Yes - I agree the cache layer needs PHP execution, and that's not so great. Actually, IMO it's not the PHP, but that it's a hit against the database, even though it is a single query. A hit against the file system would avoid the whole DB connection and query. Drupal Boost caching module wouldn't bring huge benefits for you because you have lots of logged in users, but it uses static files and doesn't hit the database.
Block cache can be efficient at cutting down database hits and code execution. And if you are using Views2, it will also use block caching for HTML and queries. It has options for lots of different caching strategies - from one for everyone through to per user per block. Block caching not well documented though.
One thing that I'm not sure of is why one website would interfere with the cache of another if you are not sharing content. [Readers: you can configure Drupal to use a single database for all websites, or multiple databases. If you have a single database, then you can configure each installation to use a different set of tables, through setting a prefix to the table name. It's very unusual to share any of the cache tables across sites except in the shared-content scenario, where the same content is being presented on more than one website.] Maybe I've misunderstood. It might be that the sites are running on a cluster against a db shared across the cluster. In this scenario, I can imagine one machine locking others out, though I'm not sure where in the code a table lock is.
Multisite: Good points and bad points. The management of update is the bad point, when you put in a new module with database upgrades. You have global downtime unless you do progressive updates by putting the module first in the specific directory for each of the particular sites and running update for that site. But it does lower the admin cost.

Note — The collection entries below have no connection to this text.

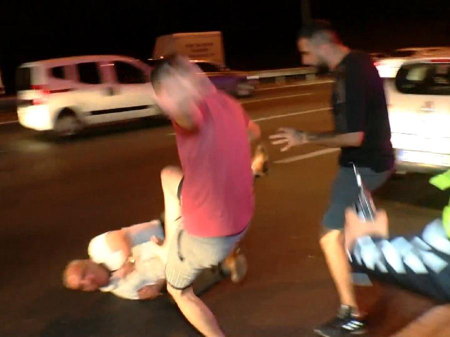 Ayrıca, polisin alkol testi sırasında kazazedelerin yakınları, alkollü olduğu tespit edilen sürücü Sönmez Karaca'ya tekme tokat saldırdı. Olayda, sürücü yüzünden yaralanırken, polis kazazede yakınlarını güçlükle sakinleştirdi.
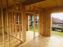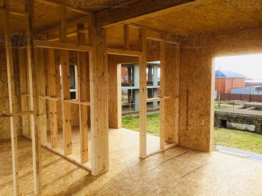 Все СИП панели SIPwall толщиной 224/174/124 мм (плиты OSB-3 толщиной 12 мм "Калевала" Россия и фасадный пенополистирол ПСБ-С 25Ф по ТУ 22.21.41.110−004 – 44755395 −2017 толщиной 200/150/100 мм производства завода "PolarPlast", Россия) нарезаны и обрусованы сухим строганным брусом камерной сушки в соответствии с проектной документацией.
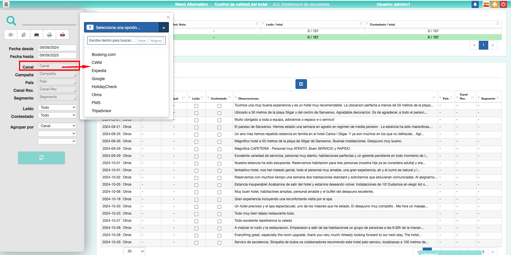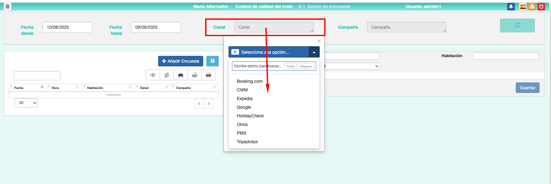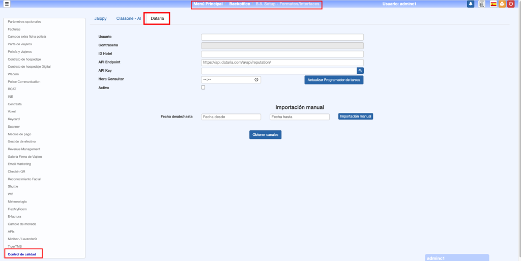 • Primer paso: Obtener Canales: Una vez configurada la conexión, pulsando este botón, aparecerán todos los canales de Dataria que se deben mapear con los que hay definidos en el pms, para que las reseñas en la opción Menú Alternativo => G.1. Gestor de encuestas y Menú Alternativo => G.2. Dashboard de encuestas, en el apartado Canal, tomen este dato correctamente.

SQL rewriting works in some circumstances. See hook_db_rewrite_sql. [Readers: The base problem is that it's difficult with modularity to avoid explosion of queries. This is true of all modular systems with database interactivity. You can avoid it if one module is intimately aware of another, and then the two can co-operate, though this is context dependent. For instance - if the first module loads the user details (name, user account, email, etc), and a second, optional, module loads a user profile, then you could cut down on the queries by including the user profile columns as part of the user table, and loading the two at the same time. Modularity, however, is not your friend here - to make the management of a profile module easy, it's much better to have it in its own table. But now you are doing table joins or loading one and then the other. If you have a heavily customised system, then you can make the joined table by hand, and modify the queries. You can do this either by changing the core code, or by rewriting the SQL on-the-fly, by writing a new module. With the second option you can leave the core alone, and your changes are overlayed, at the cost of a small drop in performance of the PHP (since there's an extra function to run). The PHP drop is almost certainly negligible compared to the database speed-up, except where the database is already in memory.]